Янна Шарбонно пошатнулась, потеряла равновесие и, невольно шагнула в бок, ударилась бедром о прилавок.
На прилавке стоял небольшой открытый поставец с хорошенькими хрустальными тарелочками, полными засахаренного миндаля в розовых, золотых, серебряных и белых обертках. Поставец покачнулся, Янна инстинктивно придержала его, но одна из тарелочек все же упала на пол.
— Розетт!
Янна чуть не плакала.
Я услышала, как тарелочка со звоном разбилась, а конфеты разлетелись по терракотовым плиткам пола.
Но на пол я не смотрела: я не сводила глаз с Янны и Розетт – аура девочки теперь так и пылала, мать же ее застыла, точно каменное изваяние.
— Давайте я помогу.
Я наклонилась и стала собирать конфеты и осколки.
— Нет, прошу вас…
— Да я уже все собрала.
Я чувствовала, как сильно она напряжена, почти готова взорваться. И уж конечно, не из-за разбитого блюдца – насколько я знаю, такие женщины, как Янна Шарбонно, не станут рвать на себе волосы из-за какой-то стекляшки.
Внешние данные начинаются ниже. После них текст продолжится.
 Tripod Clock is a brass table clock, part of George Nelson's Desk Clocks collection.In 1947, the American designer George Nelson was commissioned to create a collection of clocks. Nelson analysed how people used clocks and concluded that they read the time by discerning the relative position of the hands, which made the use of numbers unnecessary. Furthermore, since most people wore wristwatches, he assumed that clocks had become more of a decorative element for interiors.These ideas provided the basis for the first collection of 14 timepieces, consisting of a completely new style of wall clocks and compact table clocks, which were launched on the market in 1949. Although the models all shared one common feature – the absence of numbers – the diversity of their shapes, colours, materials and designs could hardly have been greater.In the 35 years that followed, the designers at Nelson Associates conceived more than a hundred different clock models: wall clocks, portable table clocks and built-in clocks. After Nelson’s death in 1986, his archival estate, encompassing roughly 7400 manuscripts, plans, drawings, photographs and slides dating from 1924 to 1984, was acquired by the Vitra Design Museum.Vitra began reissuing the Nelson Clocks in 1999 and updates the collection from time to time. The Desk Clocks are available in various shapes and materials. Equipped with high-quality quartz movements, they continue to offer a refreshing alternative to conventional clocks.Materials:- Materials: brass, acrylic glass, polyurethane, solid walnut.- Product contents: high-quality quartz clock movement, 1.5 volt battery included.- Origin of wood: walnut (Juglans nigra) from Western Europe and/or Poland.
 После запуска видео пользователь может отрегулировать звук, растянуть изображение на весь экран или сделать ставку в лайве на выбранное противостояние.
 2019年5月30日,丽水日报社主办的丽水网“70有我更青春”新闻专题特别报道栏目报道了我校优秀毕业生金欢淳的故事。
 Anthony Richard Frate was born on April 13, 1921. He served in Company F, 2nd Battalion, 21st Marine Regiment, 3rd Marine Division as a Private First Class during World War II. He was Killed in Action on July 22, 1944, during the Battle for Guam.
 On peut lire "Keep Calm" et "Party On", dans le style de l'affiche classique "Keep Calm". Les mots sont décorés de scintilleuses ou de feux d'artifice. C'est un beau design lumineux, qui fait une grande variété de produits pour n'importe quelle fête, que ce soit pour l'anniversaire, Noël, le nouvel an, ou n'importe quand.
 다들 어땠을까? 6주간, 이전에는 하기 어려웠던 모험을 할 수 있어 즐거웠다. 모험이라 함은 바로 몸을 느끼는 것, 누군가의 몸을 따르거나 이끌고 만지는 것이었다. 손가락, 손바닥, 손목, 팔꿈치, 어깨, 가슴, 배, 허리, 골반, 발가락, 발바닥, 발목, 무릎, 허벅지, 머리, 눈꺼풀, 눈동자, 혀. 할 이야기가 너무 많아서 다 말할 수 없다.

Зато курок может спустить любая, самая неожиданная мелочь: неудачный день, головная боль, доброта незнакомого человека.
И тут я краем увидела существо, скорчившееся под прилавком.
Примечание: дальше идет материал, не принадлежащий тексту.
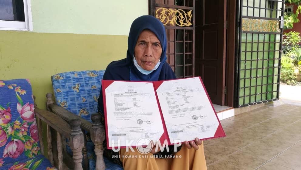 PEKAN, 14 JUN 2020: Terharu dan bersyukur. Hanya itu mampu diluahkan oleh Muhaini Abdul Rahman, 65, apabila geran tanah yang dinanti sejak 35 tahun akhirnya di genggaman.
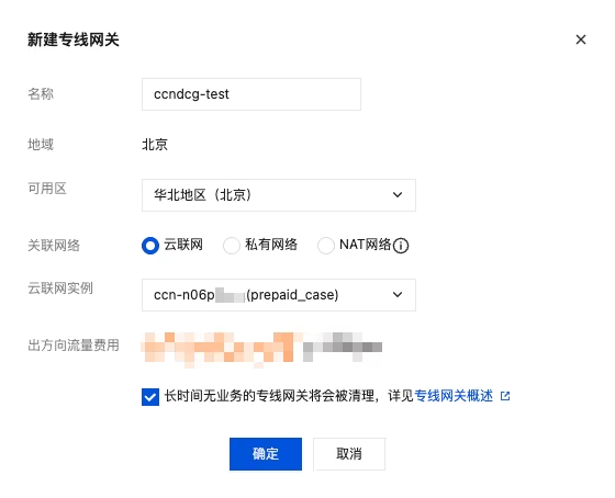 1. 登录 专线网关控制台,选择北京地域和私有网络后,单击新建。输入名称并选择可用区,关联上述已创建的云联网实例,单击确定,完成云联网型专线网关的创建。
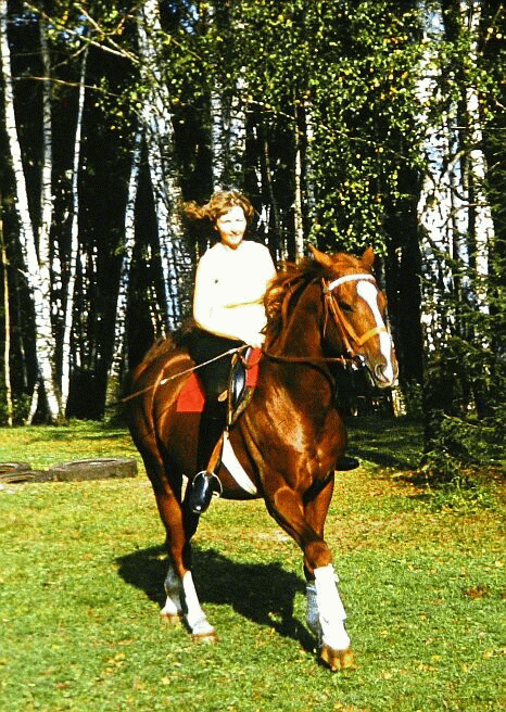 но проблема в том что то что на шагу являеться легким вкладыванием лошадиной тушки на ногу и вообщем то (для Бу подобрали повод и едем шагом =бежим рысью с башкой в небесах) фигуры выполняються правильно, но уже на предели сил всадника - тоесть всадник сидит терпит лошадиное вкладывание и молча давит давит давит ,лошадь со своей стороны в ответ давит и терпит
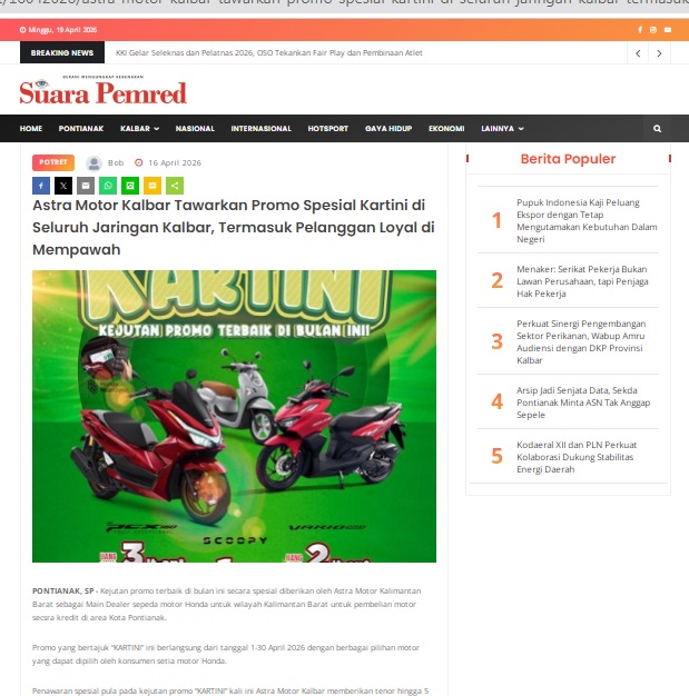 Astra Motor Kalbar Tawarkan Promo Spesial Kartini di Seluruh Jaringan Kalbar, Termasuk Pelanggan Loyal di Mempawah by masmul 16 April 2026 in Silahkan kunjungi https://www.suarapemredkalbar.com/read/potret/16042026/astra-motor-kalbar-tawarkan-promo-spesial-kartini-di-seluruh-jaringan-kalbar-termasuk-pelanggan-loyal-di-mempawah. You Might Like Regional Public Launching New ADV160 The SUV Pride Grand Launching New PCX 160 Truly Exceptional! Tetap hati-hati ya bro sist berkendara saat hujan.
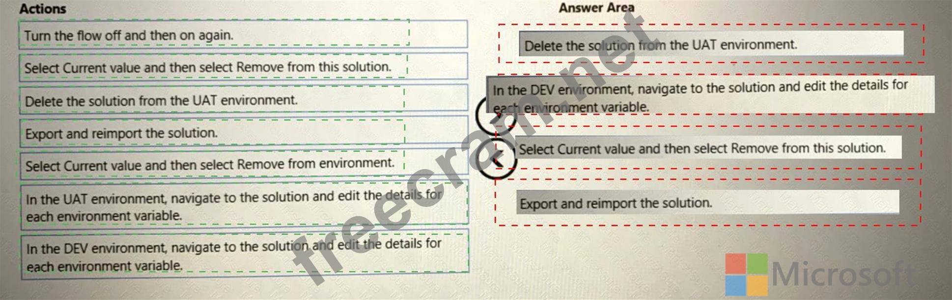 Which four actions should you perform in sequence? To answer, move the appropriate actions from the list of actions to the answer area and arrange them in the correct order.

Оно было очень ярким, золотистым-оранжевым и казалось нарисованным чьей-то неумелой рукой, но по его длинному изогнутому хвосту и ясным маленьким глазам я достаточно легко догадалась, что это, видимо, некая разновидность обезьянки. Я резко повернулась, чтобы как следует рассмотреть ее мордочку, но она оскалилась, продемонстрировав мне свои острые клыки, и мгновенно растворилась в воздухе.
— Бам, — сказала Розетт.
Воцарилось долгое молчание.
Я взяла в руки «разбитую» тарелочку – хрустальную, из Мурано, с изящными желобками по краям. Но я же услышала, как она разбилась – взорвавшись, точно шутиха, — и как ее осколки шрапелью рассыпались по плиткам пола! И все же я держала в руках совершенно целую тарелку. Словно ничего и не случилось!
«Бам», — подумала я.
Под ногами у меня все еще по-хрустывали конфеты – точно кто-то их грыз. Теперь уже Янна Шарбонно молча наблюдала за мной, и это опасное молчание окутывало нас все плотнее, точно шелковый кокон.
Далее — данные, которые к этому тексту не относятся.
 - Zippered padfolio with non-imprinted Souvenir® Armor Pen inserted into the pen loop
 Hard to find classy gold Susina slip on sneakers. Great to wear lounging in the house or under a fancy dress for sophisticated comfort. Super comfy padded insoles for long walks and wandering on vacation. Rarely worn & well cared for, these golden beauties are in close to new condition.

Я смогла бы сказать: «Ах, как удачно» — или просто без единого слова поставить тарелочку на прилавок, но я понимала: теперь или никогда. «Нанеси удар сейчас, когда она почти не сопротивляется, — сказала я себе. — Возможно, второй такой возможности тебе уже не представится».
Так что я посмотрела Янне прямо в глаза, направив на нее все мощь своих чар, и сказала:
— Ничего страшного. Я знаю, что вам сейчас нужно.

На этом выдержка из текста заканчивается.